You’ve sent a message and it’s been sitting on one grey tick for days. Their profile photo disappeared. Their status updates are gone. Did they block you — or just change their privacy settings? WhatsApp doesn’t send you a notification when you’re blocked, but there are reliable signals. Here’s how to read them.
The Message Delivery Tick System
One grey tick means the message was sent from your phone but not delivered to the recipient’s device. Two grey ticks mean delivered. Two blue ticks mean read. If your messages to one specific person have been stuck on one grey tick for an extended period, it’s one indicator — but not proof — of a block. Messages also stay on one tick when someone has no internet, a full phone, or has deleted WhatsApp.
Profile Photo and Last Seen Disappear
When someone blocks you, their profile photo becomes blank (or shows the default silhouette) and their Last Seen timestamp disappears from the chat. However, this alone doesn’t confirm a block — people regularly set their Last Seen and profile photo to Hidden for all contacts under their privacy settings. The absence of these doesn’t mean you’re blocked.
Status Updates Stop Appearing
If you’ve been blocked, you’ll stop seeing the person’s WhatsApp Status updates. But again, this is also consistent with them changing their Status privacy to exclude you or everyone. By itself it’s another data point, not confirmation.
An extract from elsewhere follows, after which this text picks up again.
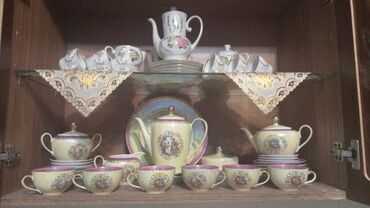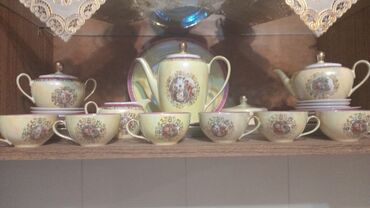 - Porselen çay-servis dəstləri və dekorativ samovar 1) Qəhvəyi-qızılı naxışlı klassik çay-servis (şəkil 1) - Üzərində romantik süjetli təsvirlər və qızılı işləmələr - Dəst tərkibi: şüşəli qapaqlı ...

Call Attempts Never Connect
Try making a WhatsApp voice call to the person. If you’re blocked, the call will ring endlessly on your end but never connect or show any response — it won’t go to voicemail because WhatsApp doesn’t have voicemail. If the person is available and you’re not blocked, calls typically connect or ring a limited number of times.
Group Chat Test
Create a new WhatsApp group and attempt to add the person who may have blocked you. If you see the error message ‘You can’t add this person because they may have changed their phone number or their privacy settings prevent it,’ that’s a strong indicator of being blocked. This is the most reliable single test available.
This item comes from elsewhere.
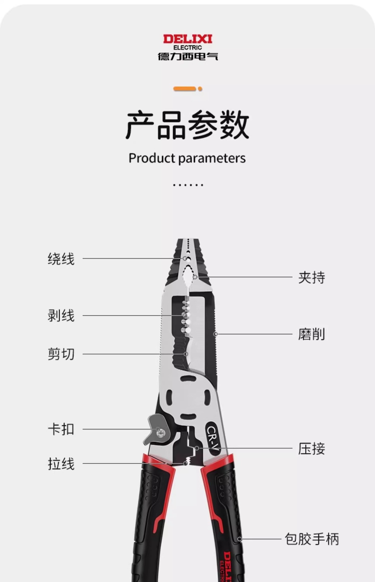 Delixi 전기 펜치 다기능 와이어 스트리퍼 와이어 커터 전기 특수 뾰족한 범용 와이어 스트리퍼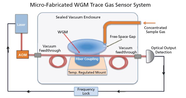 While a variety of techniques exist to monitor trace gases, methods relying on absorption of laser light are the most commonly used in terrestrial applications. Cavity-enhanced absorption techniques typically use high-reflectivity mirrors to form a resonant cavity, inside of which a sample gas can be analyzed. The effective absorption length is augmented by the cavity’s high quality factor, or Q, because the light reflects many times between the mirrors. The sensitivity of such mirrorbased sensors scales with size, generally making them somewhat bulky in volume. Also, specialized coatings for the high-reflectivity mirrors have limited bandwidth (typically just a few nanometers), and the delicate mirror surfaces can easily be degraded by dust or chemical films.

What Definitely Doesn’t Confirm a Block
Not seeing their online status, not getting read receipts, and not seeing profile updates can all be explained by privacy settings alone. None of these individually confirm a block. The combination of multiple indicators — persistent one tick, no profile photo, no status updates, failed calls, and the group add error — together makes a block very likely.
If You’ve Been Blocked
If the evidence points to a block, respect it. There’s no legitimate workaround that isn’t considered harassment. WhatsApp’s block feature exists for a reason and attempting to circumvent it — creating new accounts to contact someone, messaging through mutual contacts — violates WhatsApp’s terms of service and in many jurisdictions may be considered harassment.